ECLI:NL:RBZWB:2013:6709
Rechtbank Zeeland-West-Brabant
- Eerste aanleg - enkelvoudig
- Rechtspraak.nl
Beslissing tot ondercuratelestelling van rechthebbende wegens verslaving aan verdovende middelen
In deze zaak heeft de Rechtbank Zeeland-West-Brabant op 18 september 2013 een beschikking gegeven tot ondercuratelestelling van een rechthebbende, die door zijn voortdurende cocaïnegebruik niet in staat is zijn eigen belangen te waarborgen. De rechtbank heeft vastgesteld dat de rechthebbende, door zijn verslaving, niet alleen zijn eigen veiligheid in gevaar brengt, maar ook een gevaar vormt voor de openbare orde. Dit is in strijd met de parlementaire geschiedenis, waarin wordt gesteld dat verslaving aan verdovende middelen niet onder de gewoonte van drankmisbruik valt. Echter, de rechtbank heeft geoordeeld dat de verslaving heeft geleid tot een geestelijke stoornis, waardoor het verzoek tot ondercuratelestelling alsnog kan worden toegewezen.

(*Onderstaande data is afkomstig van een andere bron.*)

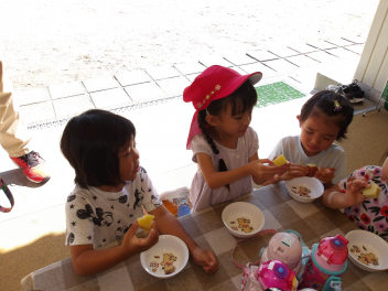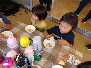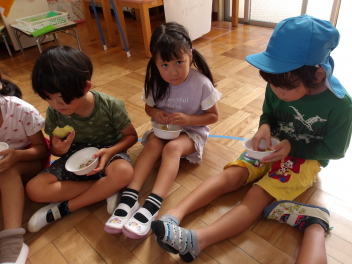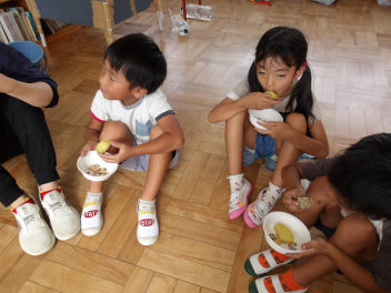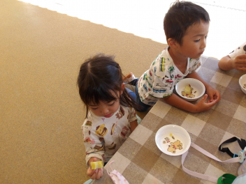 幼稚園に帰ってきてから、掘ったお芋を園務員さんが蒸かしてくれました。

De rechthebbende is voornemens om naar een kliniek in Zuid-Afrika te vertrekken voor een afkickprogramma. De belanghebbende, die de levensgezel van de rechthebbende is, heeft schriftelijk verklaard geen bezwaar te hebben tegen de ondercuratelestelling en de benoeming van de voorgestelde curator. De kantonrechter heeft de curator benoemd, aangezien deze zich bereid heeft verklaard het curatorschap te aanvaarden en er geen bezwaren tegen haar zijn gebleken.
De rechtbank heeft bepaald dat de curator de uitspraak tot ondercuratelestelling binnen tien dagen moet publiceren in de Staatscourant en in twee aangewezen dagbladen. De beschikking is gegeven door mr. W.E.M. Verjans en is uitgesproken ter openbare terechtzitting. Tegen deze beschikking kan hoger beroep worden ingesteld bij het gerechtshof te 's-Hertogenbosch, waarbij het beroepschrift door een advocaat moet worden ingediend.